WORK TO BE COMPLETED :: The range runs from the line containing "話說步道途中會經過二座迷你的" to the last line of the entries. Restate those lines word for word, without the pictures.
==== EXERCISE INPUT
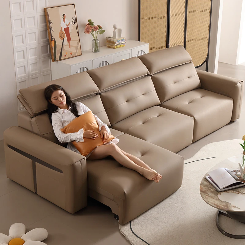 人気の電動ソファー!本革イタリアンデザインで、軽やかなラグジュアリー感を演出。現代的でシンプルなスタイル、壁に寄せられる伸縮機能付き。おしゃれなリビングにぴったりの一品です!
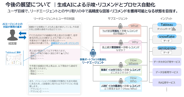 データ活用基盤の今後の展望について、依田は次のように語ります。「今後は、より高度な活用に向けて、データ分析のフロントシステムとして生成AIを活用していくことを考えている。例えばユーザーはAIエージェントに『売上の異常要因を調べて」と依頼するだけで、AIエージェントが各システムのデータやカタログ、分析サービスなどを参照しながら、最適なアウトプットを提示してくれる--そんな形をめざしている。」
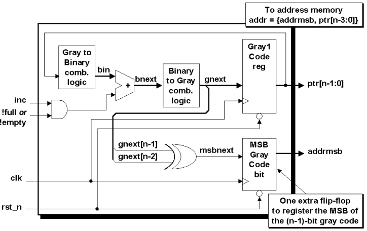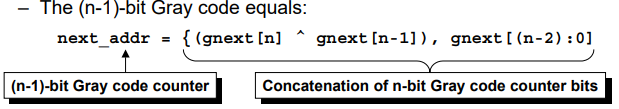 정리하자면 Clock Domain을 넘어가는 Code는 N-bit Gray Code이지만, 하위 (N-1)-bit을 그대로 address로 사용하지 않고, 위와 같은 수식을 통해서 (N-1)-bit Gray code Counter로 변환하여 사용한다.
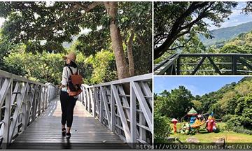話說步道途中會經過二座迷你的索吊橋,吊橋入口清楚說明「限載2人」字樣,大家乖乖遵守規定,然後依序排隊等待走過索吊橋,著實有趣!
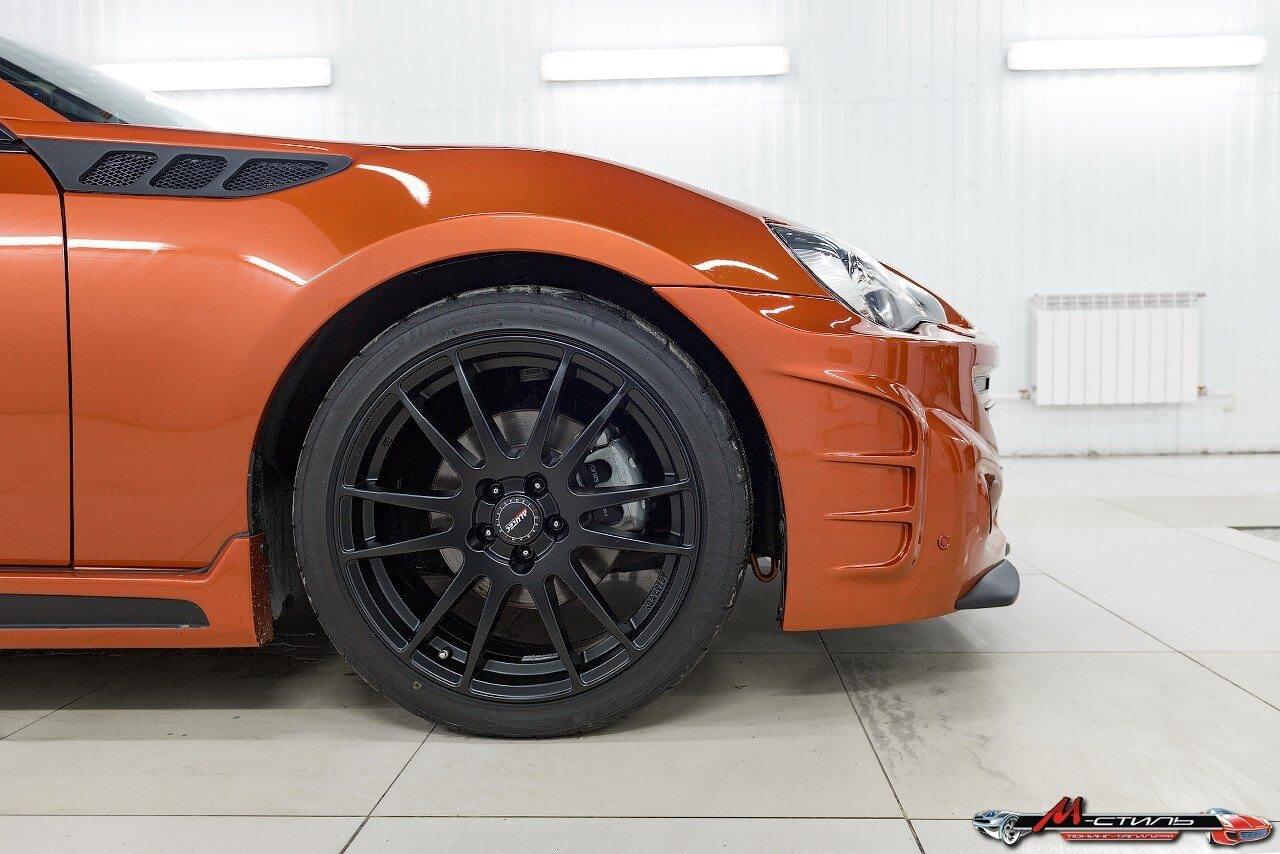 Полностью «с нуля» изготовлен аэродинамический обвес. Установлена мощная аудиосистема на компонентах PIONEER и IMPACT. Весь салон перешит в кожу и алькантару.
========
TASK RESPONSE ::
話說步道途中會經過二座迷你的索吊橋,吊橋入口清楚說明「限載2人」字樣,大家乖乖遵守規定,然後依序排隊等待走過索吊橋,著實有趣!
 Полностью «с нуля» изготовлен аэродинамический обвес. Установлена мощная аудиосистема на компонентах PIONEER и IMPACT. Весь салон перешит в кожу и алькантару.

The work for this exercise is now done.